- Theatrical release poster
- Directed by: Harrie Geelen Bjørn Frank Jensen Bert Kroon
- Written by: Harrie Geelen Bjørn Frank Jensen Bert Kroon Original characters: Marten Toonder
- Produced by: Rob Houwer
- Music by: Herman Schoonderwalt Gildo del Mistro Harrie Geelen (song lyrics)
- Production companies: Verenigde Nederlandsche Film Company Topcraft
- Distributed by: Tuschinski Film Distribution
- Release date: 3 February 1983;
- Running time: 84 minutes
- Country: Netherlands
- Language: Dutch
- Budget: $2,000,000 (estimated)

= The Dragon That Wasn't (Or Was He?) =

 The Dragon That Wasn't (Or Was He?) (Als je begrijpt wat ik bedoel, literally: If you know what I mean) is a 1983 Dutch film written and directed by Harrie Geelen, Bjørn Frank Jensen and Bert Kroon.
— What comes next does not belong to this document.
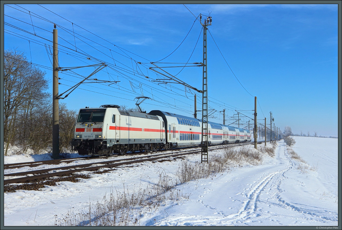 Die IC 2 erreichten leider nicht die Zuverlässigkeit der Vorgängerzüge. So muss 101 011-5 am 14.02.2021 die Garnitur 2866 (mit 146 564-0) Richtung Magdeburg schleppen. Christopher Pätz

Based on the comic strip Tom Puss, created by Marten Toonder, it was the first animated feature produced in the Netherlands.

The film was released on DVD in 2005.

==Plot ==
One stormy night, a servant dog named Yost (Joost) is reading a book saying that storms are caused by dragons. Starting to believe it to be true, he wakes up his employer, a bear named Oliver B. Bear (Oliver B. Bumble). When Ollie tries to convince Yost that dragons do not exist. Yost tries to convince Ollie otherwise by showing him a book he'd been reading during the storm. Ollie takes the book and reads a dragon-calling spell from it and the wind blows the curtains in their faces, and Ollie does not notice a dragon walking by the window. After the storm dies down, they see dragon tracks on the ground, and Yost goes searching for more evidence, visiting Ollie's next door neighbor Kit Cat (Tom Puss). He tells Kit Cat about what had happened with her determining that if she were a dragon after having laid an egg, she'd leave on the back path behind the gardens. In the middle of the forest, Yost insisted they look around to find something to convince Ollie that dragons are real and find a spherical object. Not knowing what it is, they take it back to Ollie, who assumes that it is a beach ball.

Meanwhile, in a local bar, two gangsters are plotting a heist at a banquet to be held in Ollie's mansion. Both were hired as doormen.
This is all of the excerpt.